Наська ожидала гнева отца, но с той ночи в доме наступила тишина. О ней будто забыли.

Осень тянулась долго, и как-то сразу, в одну ночь, наступила зима. Снег выпал сырой, тяжелый. На него оседал туман, обливал влагой, леденил и прижимал к земле. Снег сыпался каждый день сквозь тучи, сквозь солнце, рождаясь в самом воздухе. Море стеклянно шуршало ломаным льдом, и рос белый твердый припай, застилая воду, уходя к горизонту. Дома́ в Заброшенках завалило, над крышами горбились снежные бугры.

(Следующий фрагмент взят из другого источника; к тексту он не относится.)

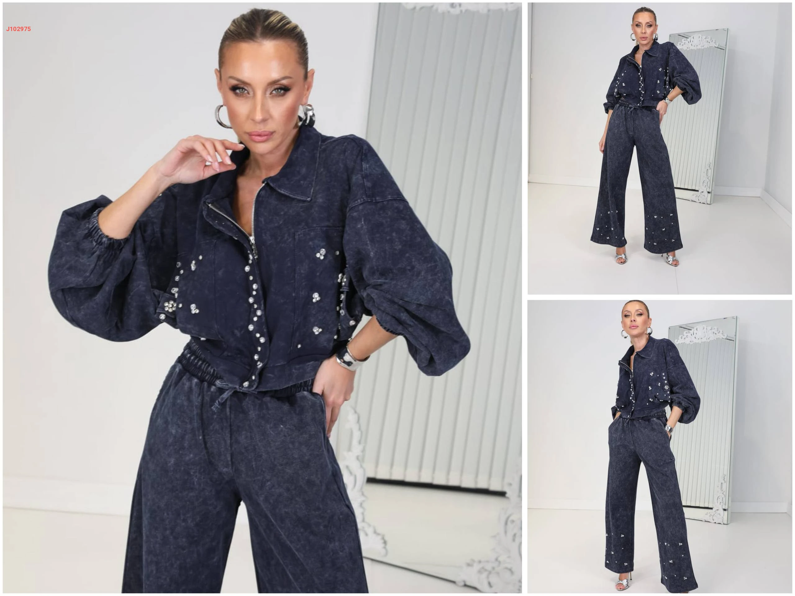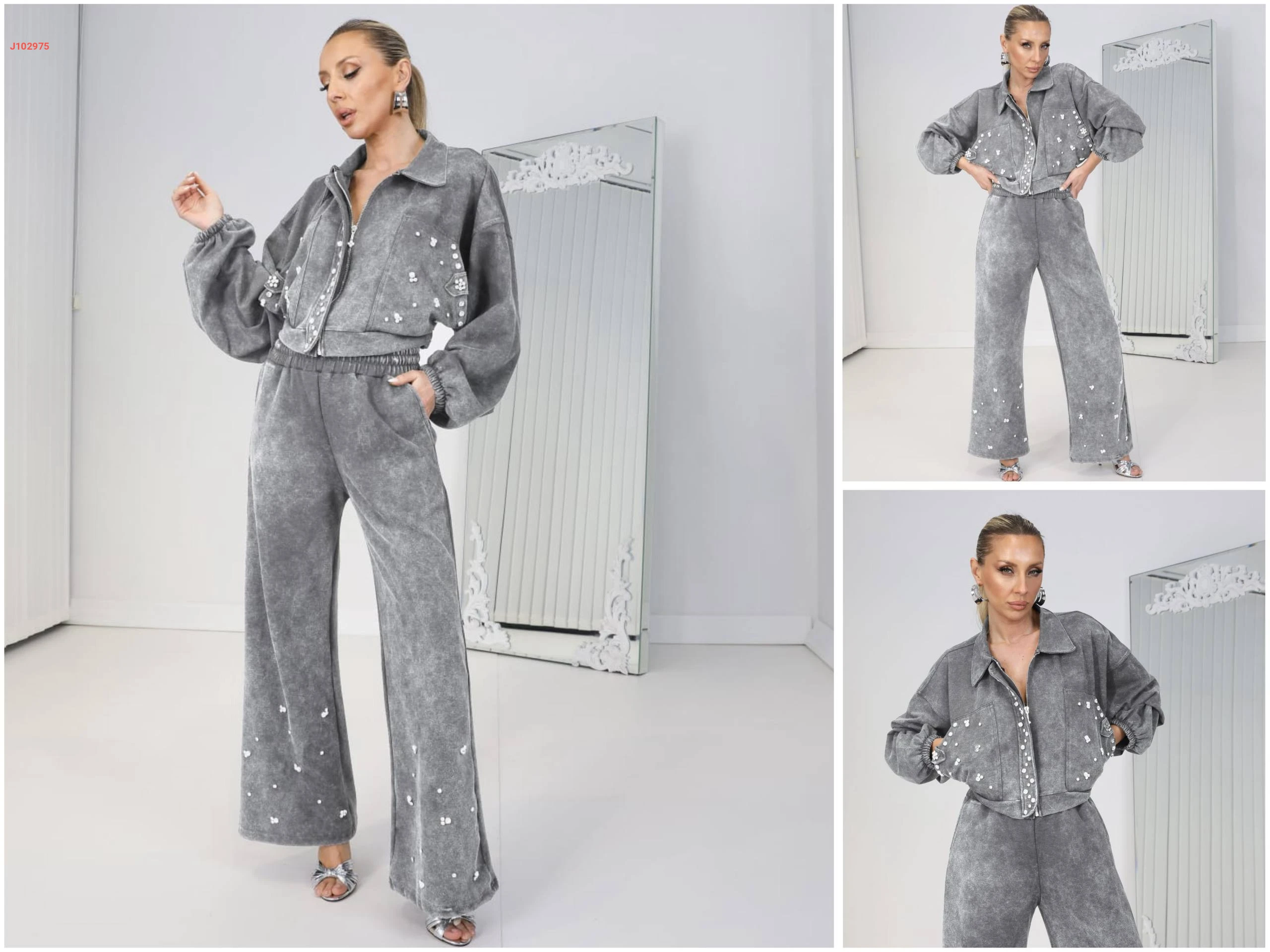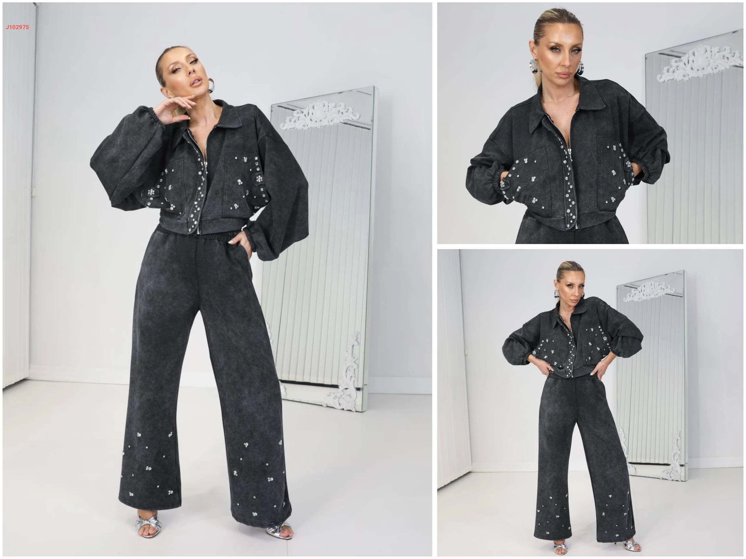 طقم بنطال بخصر مطاطي مع جاكيت بسحاب مخفي مزينة بالكريستال
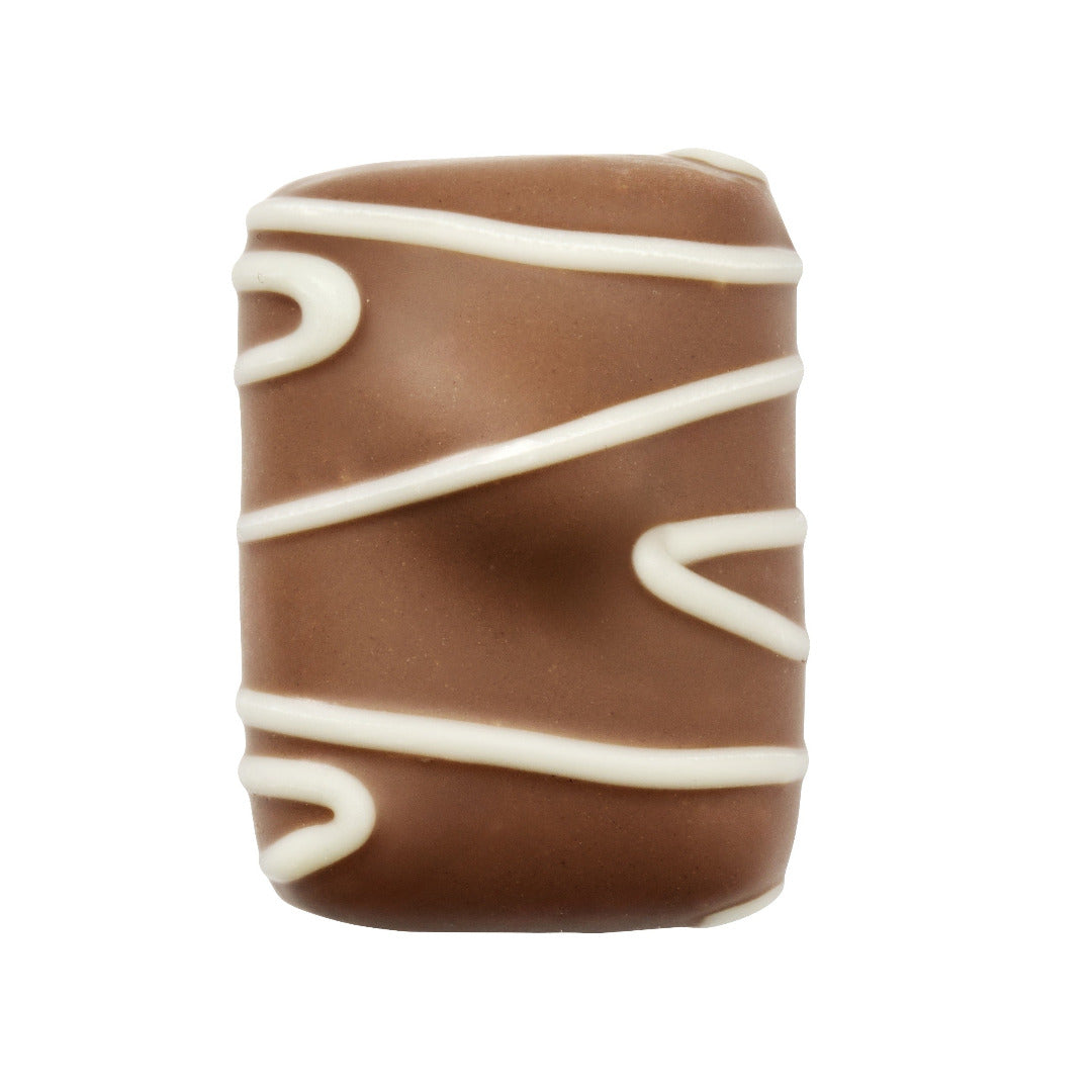 O pralină senzuală cu cremă de unt cu alune de pădure, cremă pralinată și o perlă crocantă de nugatină, învelită în ciocolată cu lapte cu dungi de ciocolată albă
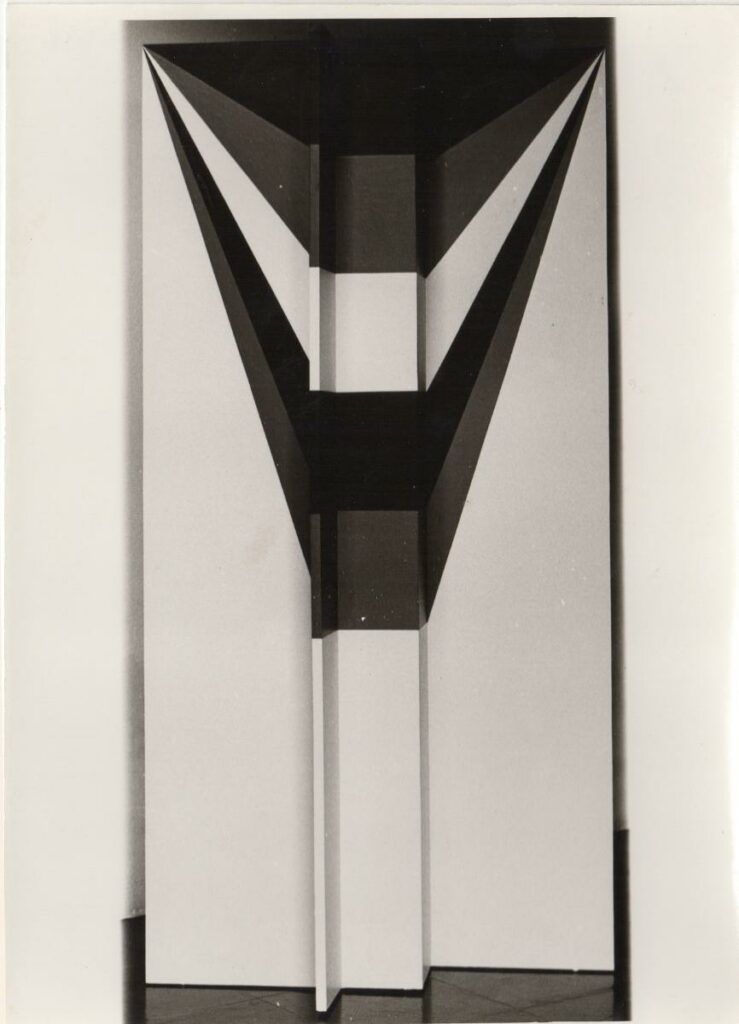Ασπρόμαυρη εκτυπωμένη φωτογραφία έργου της Όπυς Ζούνη. Στην πίσω όψη, επιγραφές.
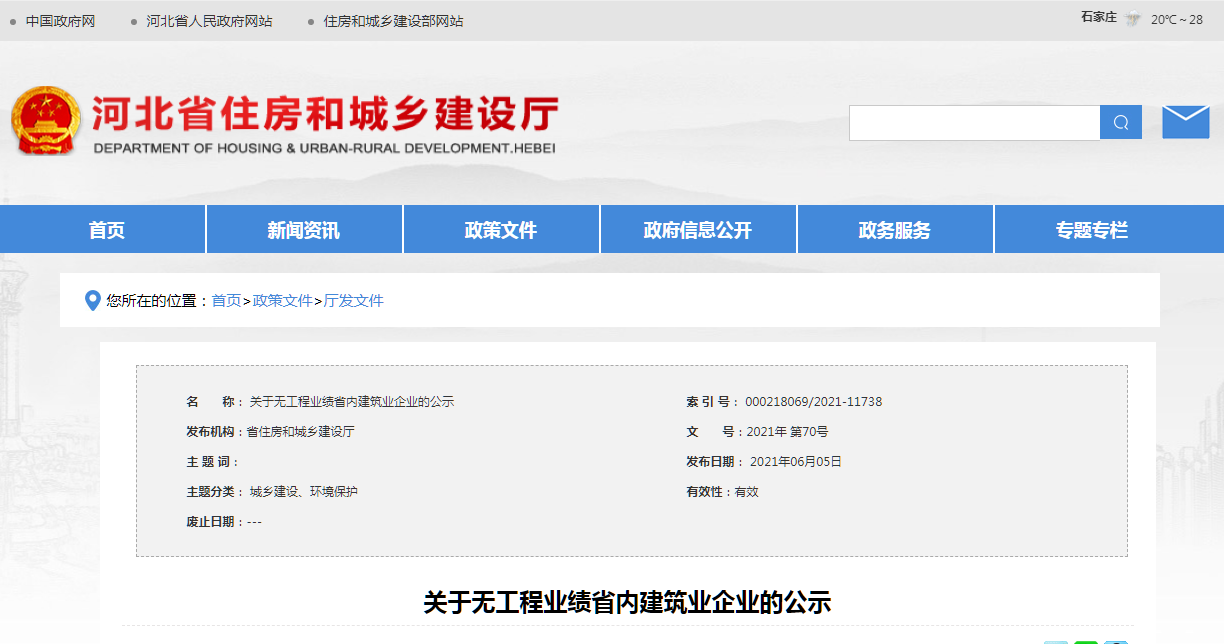關(guān)于無工程業(yè)績省內(nèi)建筑業(yè)企業(yè)的公示

С утра Наська откапывала крыльцо и стойло, доила корову, топила печь; вечером снова отгребала снег, топила печь, готовила ужин и доила корову. Мать болела, редко выходила во двор: задыхалась от сырого ветра. Отец, Коржов и Иван все дни рыбачили: в устье речки долбили пешнями проруби, продергивали подо льдом сети. Мороженую навагу продавали каюрам, а иногда, подкопив, сами отправлялись в город.

Наське было скучно. Как-то она прокопала дорожку к Маришкиному дому, отгребла от окна снег, глянула в темноту. Пахнуло теплой прелью, тишиной: снег выпал сразу, и ветер не выдул из комнат осеннее тепло. Что-то шуршало, потрескивало, вздыхало в невидимых углах. Наська прислушалась. В доме жили крысы…

Каждый раз Наська ждала весну, ждала с ней чего-то хорошего для себя. Весна пришла тягучая, моросила «слепцом» и скоро надоела своей слякотью и бесконечностью. В феврале начал таять снег, таял в марте, апреле. В середине мая сломался лед и холодными бродячими островами, послушными ветру, странствовал по заливу — то прижимался к земле, то уходил к горизонту.

Было много сивучей. Они вползали на льдины, лежали тяжелыми рыжими мешками, лениво поворачивая маленькие собачьи головы. На закате секачи ревели, вскидывали желтозубые горячие пасти к сырой хмари неба. И тоскливее, холоднее, неуютнее становилось на берегу и в море.

Мужчины собрались на охоту. Утром они столкнули лодку и ушли во льды от устья речки. Скоро из плотного тумана, точно сквозь ватную стену, стали пробиваться тупые выстрелы. Наська считала их, потом сбилась. Один раз отец брал Наську с собой, и она запомнила, как сивучи по-кошачьи топорщили усы, неуклюже елозили по льду, гулко бултыхались в черных полыньях… К обеду все стихло, а еще через полчаса у самого берега послышался говор. Наська почуяла беду, бросилась к воде.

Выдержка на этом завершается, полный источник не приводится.